Apart from the use of human shields, Padilla said the armed groups have also turned the madrasahs into staging areas and the mosque as sniper nest. Such tactics were employed by the rebels in their hope “to limit the movement of our forces and their capability to neutralize them,” he added.

Defense Secretary Delfin Lorenzana earlier set June 2 as the government’s deadline to end the Marawi seige launched by the Maute group more than a week ago. Lorenzana is the government’s martial law administrator.

Padilla made clear that deadlines are “relative to the amount of resistance that still exists and the threat in the area.”

“It was a deadline that was set forth and provided by the Secretary of National Defense so we can aim for it. But the final decision actually rests on the ground commander,” he said.

For now, Padilla said the military is doing its best to accomplish their mission, mainly to clear Marawi of armed elements and rescue trapped residents immediately.

He said the military will continue to apply commensurate power on these threats as pockets of resistance, including the use of air strikes despite the recent botched bombing run that left 10 soldiers dead.

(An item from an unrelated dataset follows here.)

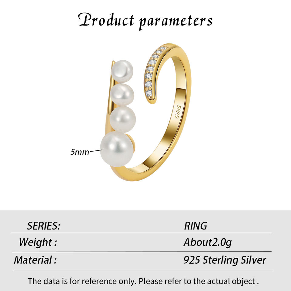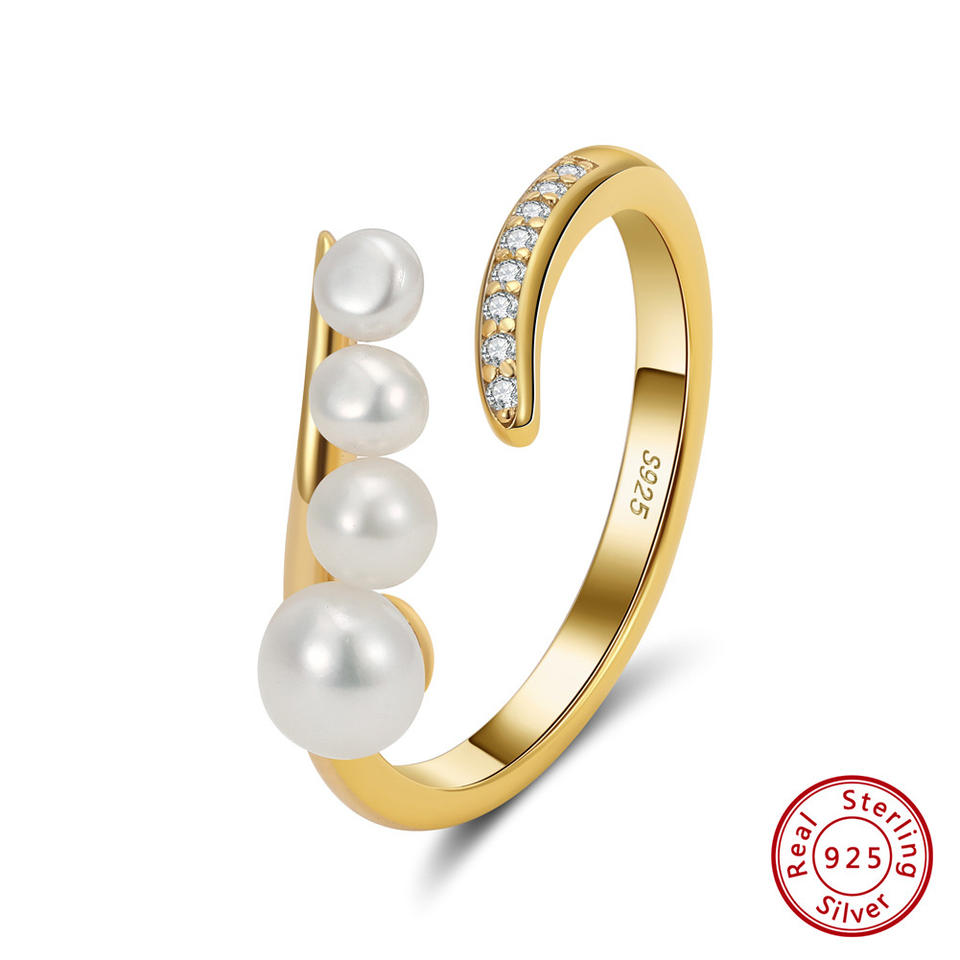 Fashion jewelry S925 sterling silver natural freshwater pearl open adjustable ring 14k gold plated ring female

He said the enemies have presently occupied commercial buildings as their “defensible enemy lairs” which are now the subject of military action.

He said the botched air strike in Marawi City is currently under investigation by the Board of Inquiry. “The aircraft and the crew involved have all been pulled out and are administratively back in their headquarters for debriefing as well as counseling,” he said.

Lorenzana earlier said the military might limit or suspend air strikes to prevent hitting soldiers deployed in the area.